* _PROMPT_: Look through the entries below and copy exactly the part that begins with the line containing "செய்யுளில் நான்கு பக்கங்களிலும்" and ends with the line containing "Questa è la". Do not copy the pictures.

* _RECORD EXTRACTS_:
BEGIN
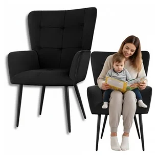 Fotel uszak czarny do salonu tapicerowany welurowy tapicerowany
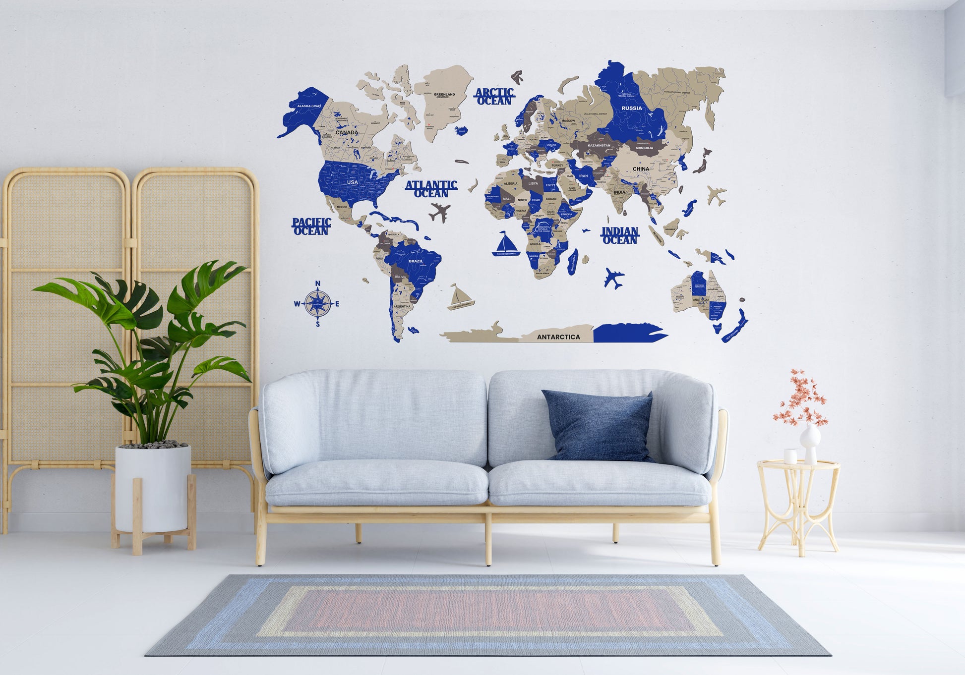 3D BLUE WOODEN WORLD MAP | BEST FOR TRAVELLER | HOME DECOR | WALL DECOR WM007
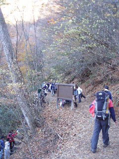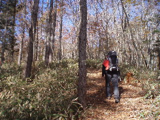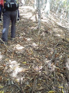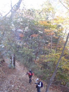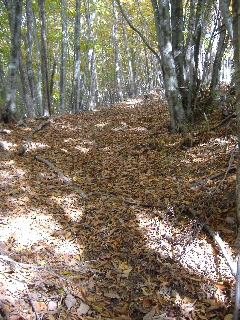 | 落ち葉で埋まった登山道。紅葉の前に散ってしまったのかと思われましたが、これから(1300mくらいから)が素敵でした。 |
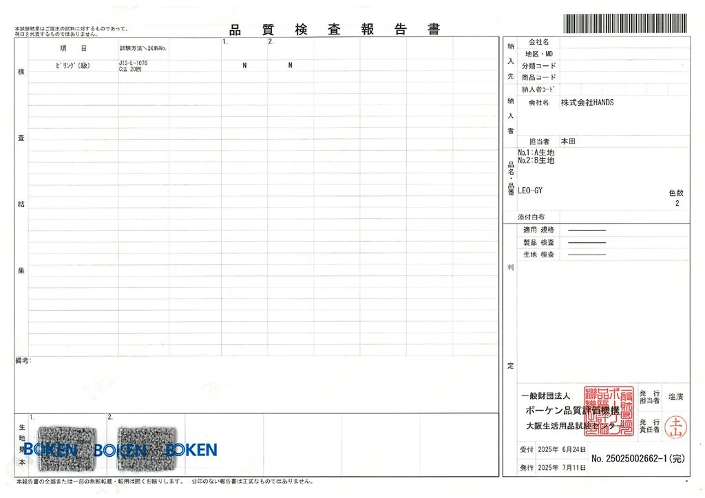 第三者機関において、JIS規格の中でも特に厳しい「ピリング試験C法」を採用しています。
END
BEGIN
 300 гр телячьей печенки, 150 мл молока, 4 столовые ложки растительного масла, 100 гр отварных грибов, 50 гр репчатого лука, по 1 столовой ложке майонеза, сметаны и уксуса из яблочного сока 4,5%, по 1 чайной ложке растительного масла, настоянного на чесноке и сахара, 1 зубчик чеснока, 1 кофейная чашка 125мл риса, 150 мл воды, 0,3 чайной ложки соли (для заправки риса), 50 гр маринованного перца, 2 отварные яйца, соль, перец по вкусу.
END
BEGIN
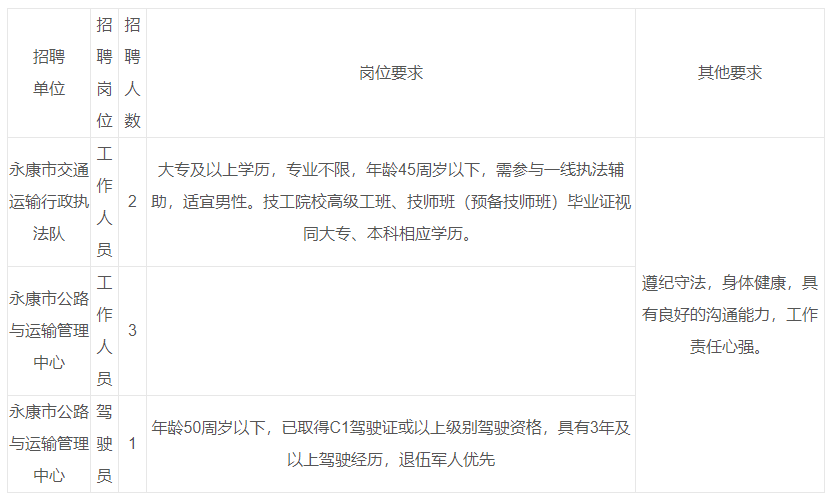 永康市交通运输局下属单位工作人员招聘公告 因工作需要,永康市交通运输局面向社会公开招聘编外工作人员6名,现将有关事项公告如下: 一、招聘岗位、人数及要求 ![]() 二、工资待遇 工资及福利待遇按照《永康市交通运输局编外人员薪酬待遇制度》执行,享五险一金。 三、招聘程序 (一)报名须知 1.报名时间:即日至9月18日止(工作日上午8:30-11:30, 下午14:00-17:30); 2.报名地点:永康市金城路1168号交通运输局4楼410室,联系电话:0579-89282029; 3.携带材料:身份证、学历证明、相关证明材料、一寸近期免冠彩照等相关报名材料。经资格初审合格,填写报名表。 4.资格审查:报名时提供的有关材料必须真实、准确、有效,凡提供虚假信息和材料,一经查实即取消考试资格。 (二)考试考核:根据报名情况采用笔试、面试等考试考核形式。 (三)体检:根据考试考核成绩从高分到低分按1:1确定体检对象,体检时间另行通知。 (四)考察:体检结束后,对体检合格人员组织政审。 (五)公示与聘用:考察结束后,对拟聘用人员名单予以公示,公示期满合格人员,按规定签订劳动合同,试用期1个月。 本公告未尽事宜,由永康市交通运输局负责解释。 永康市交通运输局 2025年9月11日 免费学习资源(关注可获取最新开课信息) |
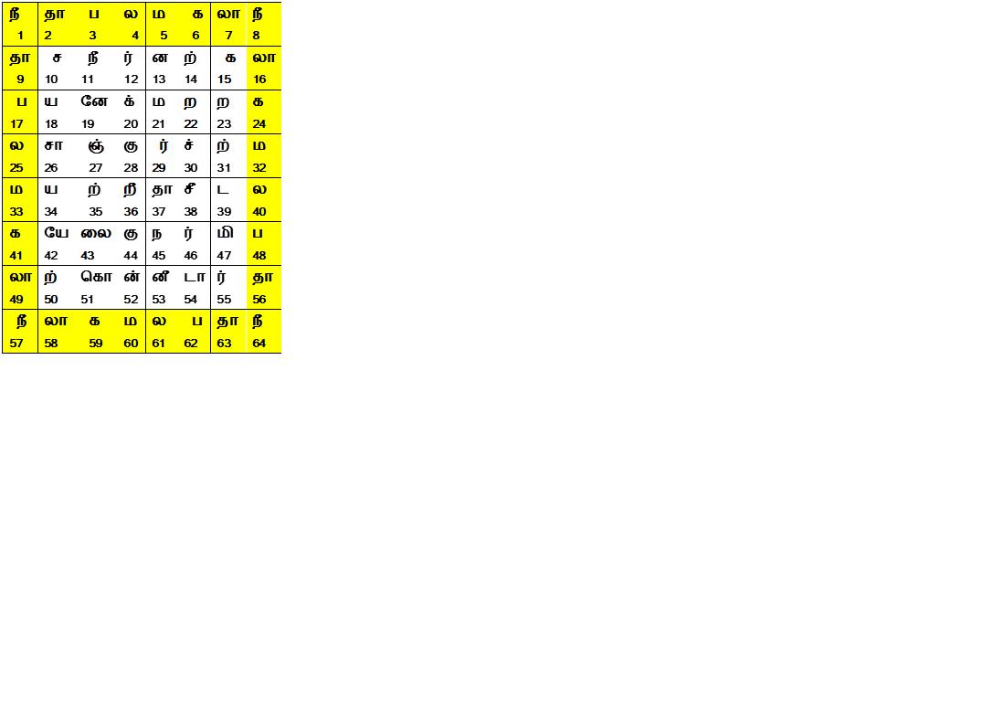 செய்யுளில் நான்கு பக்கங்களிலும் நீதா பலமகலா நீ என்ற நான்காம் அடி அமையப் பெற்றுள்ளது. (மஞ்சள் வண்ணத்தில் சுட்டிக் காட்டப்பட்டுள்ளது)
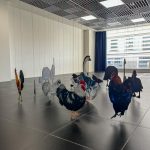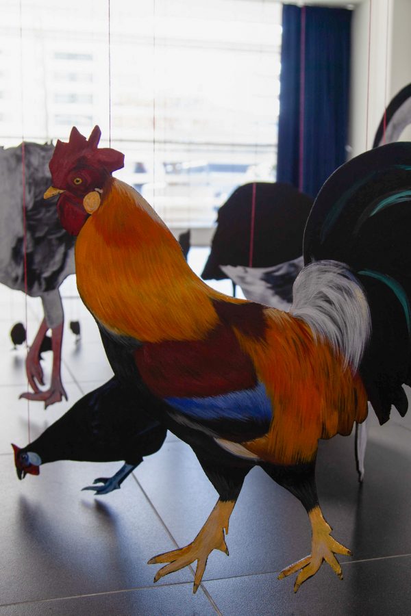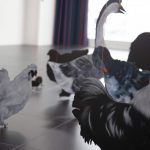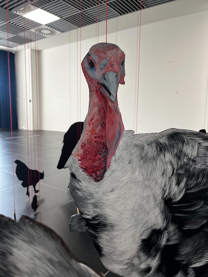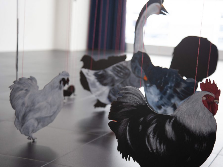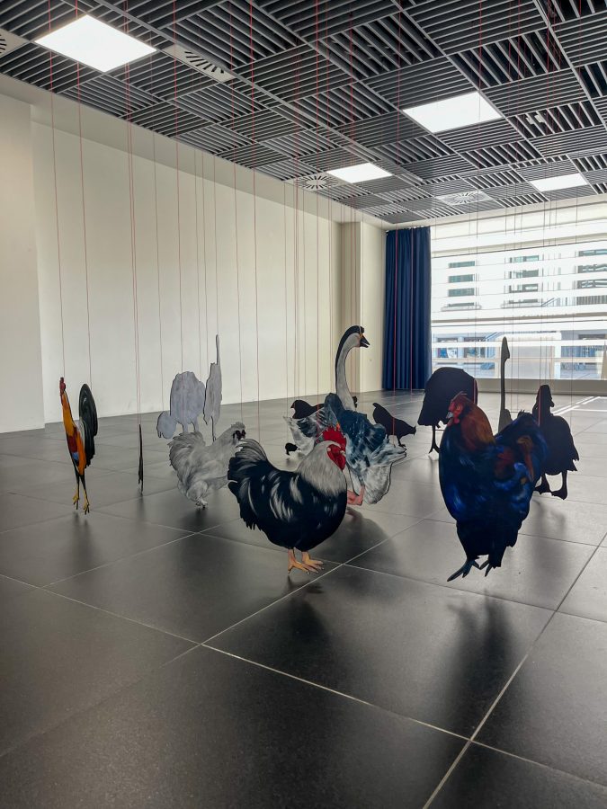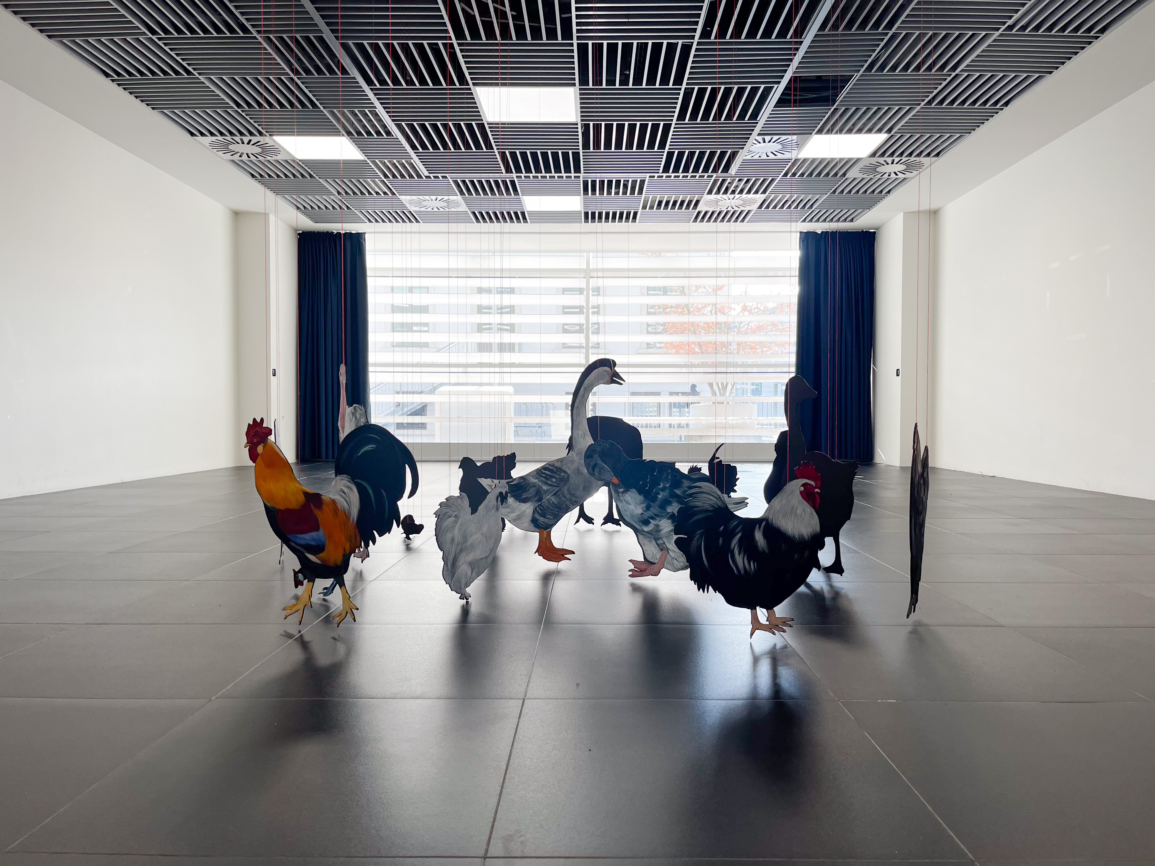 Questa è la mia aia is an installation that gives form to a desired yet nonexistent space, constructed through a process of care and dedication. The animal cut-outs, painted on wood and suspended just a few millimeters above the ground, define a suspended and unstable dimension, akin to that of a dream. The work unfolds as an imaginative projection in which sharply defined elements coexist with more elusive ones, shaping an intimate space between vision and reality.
END
* _SOLUTION BELOW_:
 செய்யுளில் நான்கு பக்கங்களிலும் நீதா பலமகலா நீ என்ற நான்காம் அடி அமையப் பெற்றுள்ளது. (மஞ்சள் வண்ணத்தில் சுட்டிக் காட்டப்பட்டுள்ளது)
 Questa è la mia aia is an installation that gives form to a desired yet nonexistent space, constructed through a process of care and dedication. The animal cut-outs, painted on wood and suspended just a few millimeters above the ground, define a suspended and unstable dimension, akin to that of a dream. The work unfolds as an imaginative projection in which sharply defined elements coexist with more elusive ones, shaping an intimate space between vision and reality.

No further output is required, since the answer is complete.